Scalar-Induced Gravitational Waves from self-resonant preheating in $α$-attractor models

Abstract: After the inflationary phase, the universe enters the preheating phase, during which the inflaton field rolls down its potential and oscillates. When the potential significantly deviates from a parabolic shape at its minimum, these oscillations trigger an instability in the scalar perturbations, leading to their amplification. This phenomenon, known as self-resonance, has important implications in cosmology. Notably, since scalar perturbations couple to tensor perturbations at second order in the equations of motion, this amplification results in the production of Gravitational Waves (GWs), referred to as Scalar-Induced Gravitational Waves (SIGWs). In this study, we investigate the production of SIGWs during the preheating phase for a class of inflationary models known as $\alpha$-attractors, characterized by a single parameter $\alpha$. We focus on small values of this parameter, specifically $\alpha \sim O(10^{-1} - 10^{-4})$, where the self-resonance effect is particularly pronounced.

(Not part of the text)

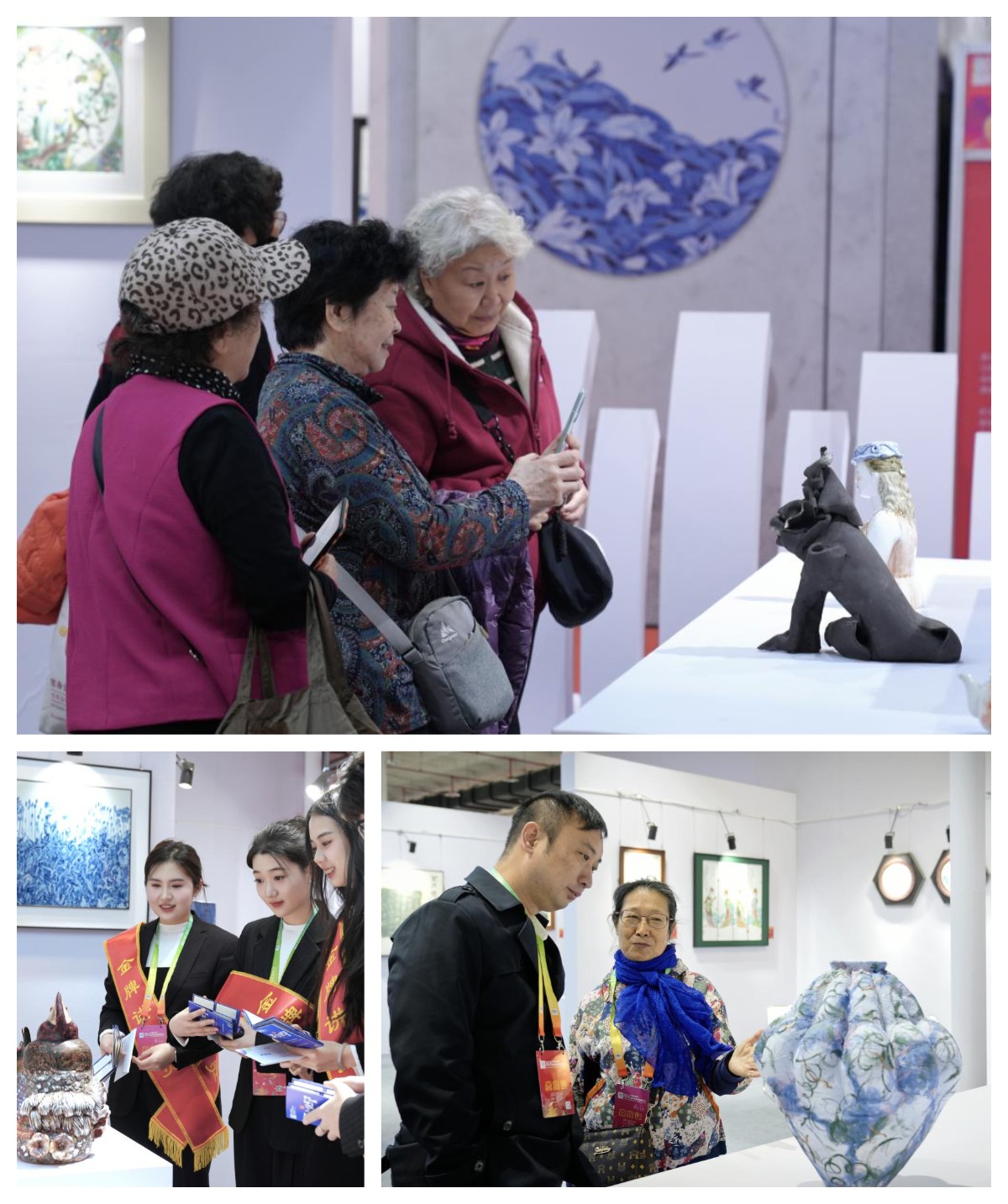 展会期间,多位领导嘉宾来到现场观展,对beat365官网教师团队的陶瓷艺术作品给予了高度评价,同时也对学校在陶瓷艺术领域的教育成果表示肯定,对学校未来的发展寄予厚望。同时,大量观众被这些精美的陶瓷作品所吸引,纷纷驻足欣赏,拍照留念。

We obtain lower bounds on this parameter, $\log_{10}(\alpha)>-3.54$ for the T-model and $\log_{10}(\alpha)>-3.17$ for the E-model, based on the energy density of SIGWs constrained by Big Bang nucleosynthesis, which ultimately translates into lower bounds on the tensor-to-scalar ratio, $r>9.61\times10^{-7}$ for the T-model and $r>2.25\times10^{-6}$ for the E-model.